Nous arrivons à Bagan, zone archéologique de 42 km2. Il s'agit d'une plaine arride dans laquelle furent érigés plus de 4000 temples entre le XIe et le XIIIe siècle. Plus de 3000 sont encore debout aujourd'hui. Cet endroit magique se visite surtout en carriole à cheval ou à vélo.
La carriole numéro 178 nous emmène sur des chemins de terre à la découverte des principaux temples. Nous sommes seuls. Nous visitons ces merveilles architecturales, parfois guidés par le maître des clés.  L'un d'eux, un jeune homme simplement vêtu d'un sarong, est fier de nous conduire à travers un dédalle de couloirs et d'escaliers sombres jusqu'à la terrasse principale. Il nous faut nous plier.  Le spectacle de la haut est à couper le souffle. Le jeune homme, pour nous impressionner, grimpe pieds nus au sommet du temple. Dans une autre pagode, nous prenons le temps d'admirer les peintures murales représentant Buddha. Des enfants, voulant nous vendre quelques souvenirs "pas chers" nous suivent et commentent les statues de Buddha. Une petite fille nous dit qu'elle va nous montrer la statue du petit Buddha qui dort.
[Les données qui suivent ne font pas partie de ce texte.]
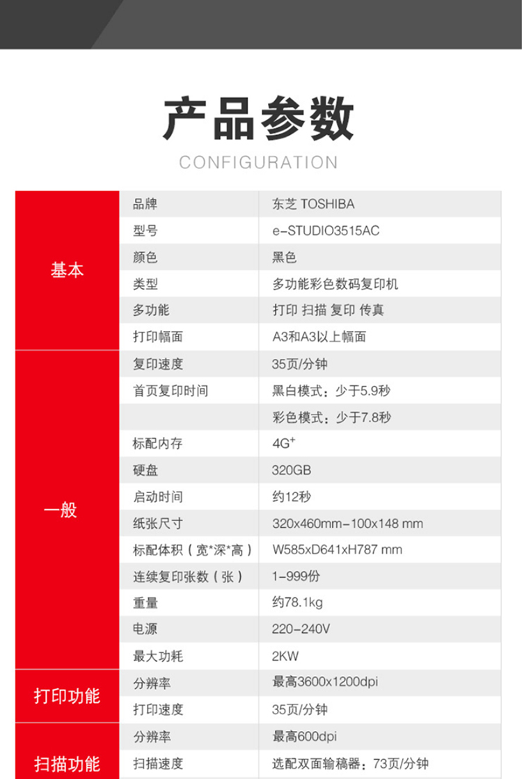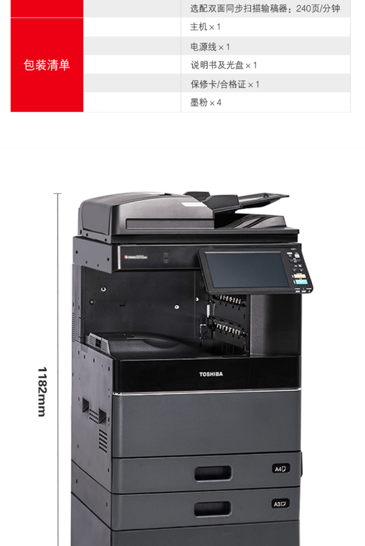 • 商品名称:东芝(TOSHIBA) FC-3515AC A3多功能数码复合机多功能一体机 (主机+自动输稿器+工作台) 黑色(单位:台)
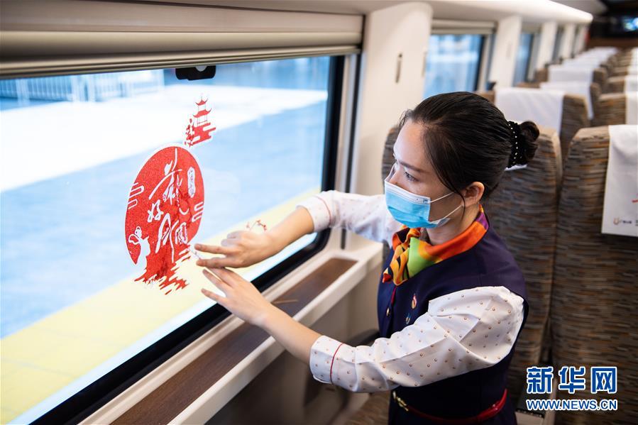 10月1日,在G6131次列车上,乘务员在旅客上车前抓紧布置车厢。 当日,在岳阳东开往广州南的G6131次“复兴号”高铁列车上,长沙客运段高铁动一车队和长沙客运段团委的工作人员在列车上开展“喜迎国庆浓情中秋”活动。车厢内张灯结彩,列车乘务员与旅客们一起在欢声笑语中庆祝国庆和中秋佳节。 新华社记者 陈思汗 摄

Au détour d'un couloir et alors qu'elle aperçoit un autochtone endormi, elle s'écrie malicieuse : "petit buddha qui dort"! La statue est autrement plus belle. Nous remontons en carriole direction le fleuve Ayeyarwady. Nous embarquons sur un "long boat" pour nous imprégner de la vie du fleuve et approcher ces villages de pêcheurs disséminés sur quelques bancs de sable. La misère est palpable. Des enfants cachés derrière des filets de pêche nous crient des "hello", comme inconscients de la vie qui se joue ici.  Des barges passent à un rythme peu soutenu. Deux hommes postés à l'avant sondent à l'aide de tiges de bambous peintes en rouge et blanc la profondeur du fleuve. Quelques petites navettes en bois dans lesquelles s'entassent moines et vélos font la liaison entre les deux berges. Le temps paraît s'etre arrêté à Bagan. Une chose est sûre. Si le pays venait à changer de régime dans les années à venir sous la pression internationale, il s'ouvrirait alors au tourisme. C'est peut-être les dernières années pour découvrir le Myanmar dans ces conditions de solitude.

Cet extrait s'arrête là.